> **Supplied material**
::::::::::
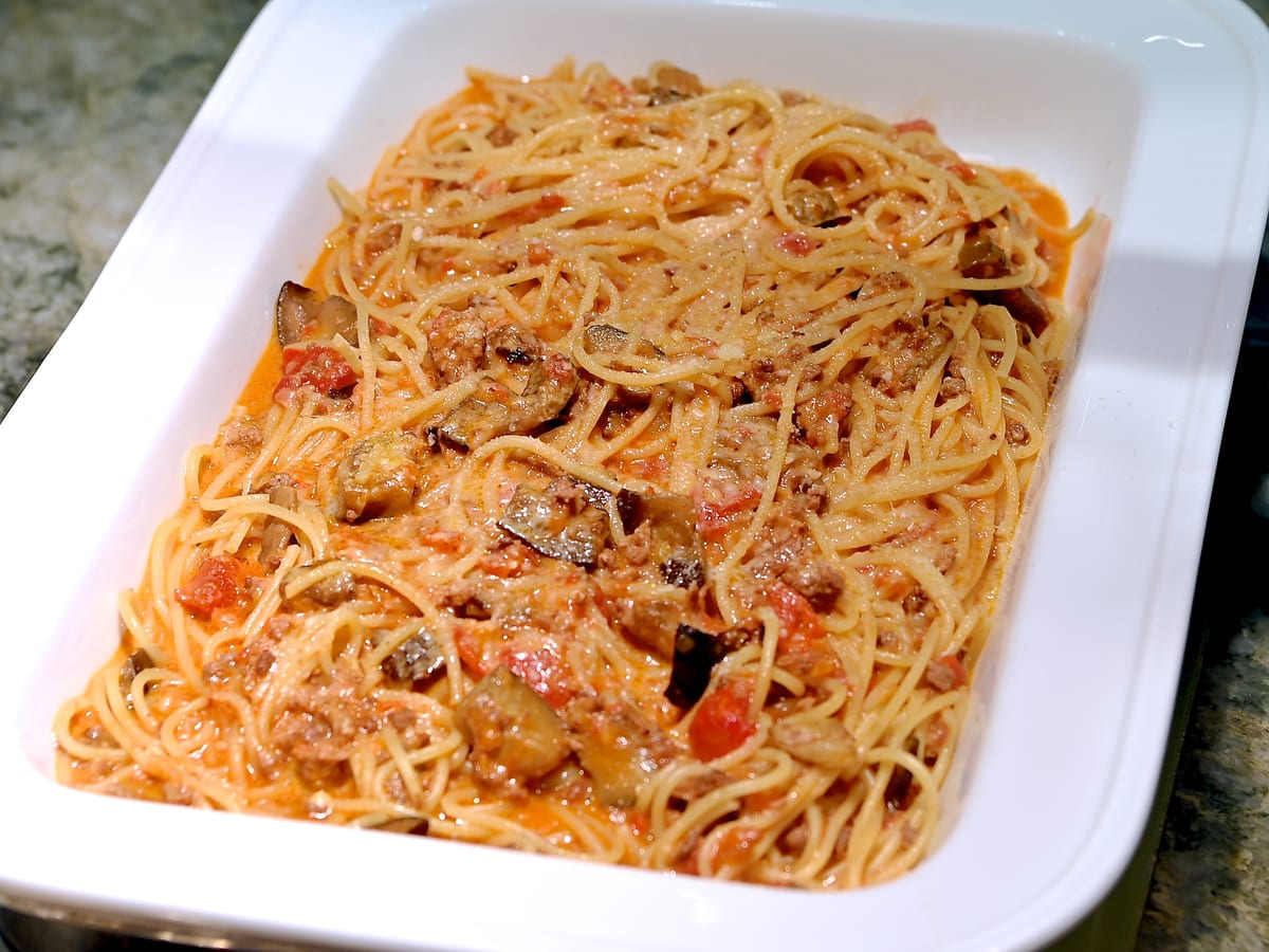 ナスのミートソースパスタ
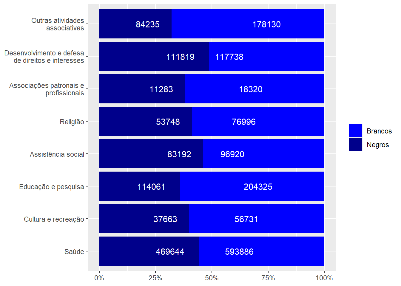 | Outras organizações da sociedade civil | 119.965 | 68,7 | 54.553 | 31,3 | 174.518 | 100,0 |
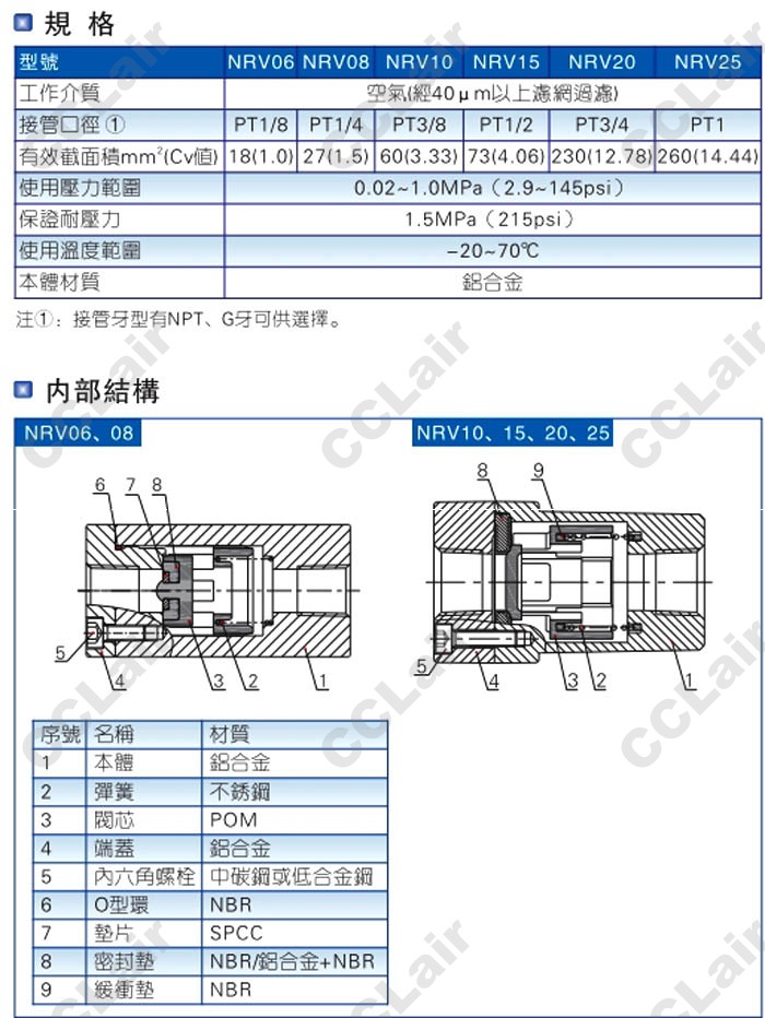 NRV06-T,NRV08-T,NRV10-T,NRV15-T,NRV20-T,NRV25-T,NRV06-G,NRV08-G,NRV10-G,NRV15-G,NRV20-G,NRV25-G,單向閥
::::::::::
> **Problem requirements**
What the answer must hold: all the data above, given again exactly, without pictures.

> **Answer space**
 ナスのミートソースパスタ
 | Outras organizações da sociedade civil | 119.965 | 68,7 | 54.553 | 31,3 | 174.518 | 100,0 |
 NRV06-T,NRV08-T,NRV10-T,NRV15-T,NRV20-T,NRV25-T,NRV06-G,NRV08-G,NRV10-G,NRV15-G,NRV20-G,NRV25-G,單向閥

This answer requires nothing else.